What’s the top risk that investors in real estate are facing today?

There is still a lot of opportunity out there. There are great deals to be made. Yet, it is also true that it is taking more attention to detail and effort to find the really profitable deals. Market well, in addition to buying, structuring, and managing right, and you’ll be okay if you have good deal sources. However, there’s real risk.

The number one risk in the real estate market today is that 90% of investors have no plan for sustainability. None. Some may not even know what that means if you ask them.

The vast majority of real estate agents and investors in the market now are very green. They’ve only experienced the business during the great bull run we’ve had since 2008 and 2011. Honestly, while I’d like to say I’m pretty smart or talented, the truth is that you couldn’t really not make money in real estate for the past 10 years. It’s been so ridiculously easy. Anyone could do it, and they have.
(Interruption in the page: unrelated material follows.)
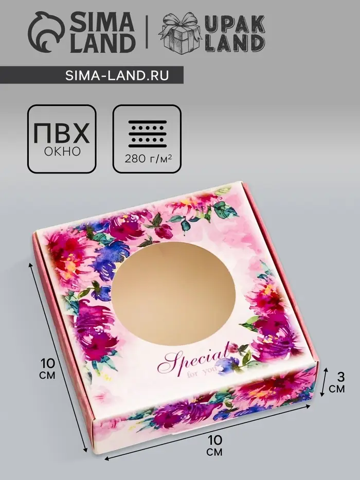 Коробка подарочная сборная с окном, упаковка, «Подарок для тебя», 10×10×3 см

That’s great for them. I love to see people succeed. There are a lot of guys and gals who have gotten into real estate in the last few years and haven’t only flipped houses themselves, but have been building spec homes, doing Airbnb, amassing a few hundred rental units, and then either offering turnkey properties or teaching others as newly minted gurus.
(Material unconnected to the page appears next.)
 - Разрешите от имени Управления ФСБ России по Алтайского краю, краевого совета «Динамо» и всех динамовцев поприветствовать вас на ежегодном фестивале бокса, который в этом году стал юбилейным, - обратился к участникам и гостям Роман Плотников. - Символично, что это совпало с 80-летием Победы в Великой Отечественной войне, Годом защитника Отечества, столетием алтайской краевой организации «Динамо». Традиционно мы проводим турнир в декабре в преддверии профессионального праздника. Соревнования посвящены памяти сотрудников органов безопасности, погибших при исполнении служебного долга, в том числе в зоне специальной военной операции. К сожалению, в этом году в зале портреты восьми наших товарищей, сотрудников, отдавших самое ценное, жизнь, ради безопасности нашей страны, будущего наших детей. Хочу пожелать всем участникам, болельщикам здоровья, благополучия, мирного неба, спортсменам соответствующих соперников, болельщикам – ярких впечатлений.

Some of these people really do know their stuff, but most have just been riding on luck. Worse, they either don’t believe a correction is coming, keep saying we’ve got another 12 to 18 months (which they’ve been saying for more than 18 months), or are seriously minimizing how impactful the next correction will be.

Here’s the real problem. They have no plan to hold things together when the market corrects, and if you’ve been watching the data, some markets are clearly correcting already, and have been for over a year. So, many are paying too much for properties, are basing their values and business models on rents and a resale market that isn’t there, and don’t have the reserves to survive a temporary crunch. They owe too much, and are only a month or a few away from going bankrupt if cash flow tightens up.

Now, it’s no secret that you can both make money at the top of the market, and that our most famous billionaire investors are those who made their wealth when everyone else thought the market was at its ugliest. The difference is in being prepared and pricing things right.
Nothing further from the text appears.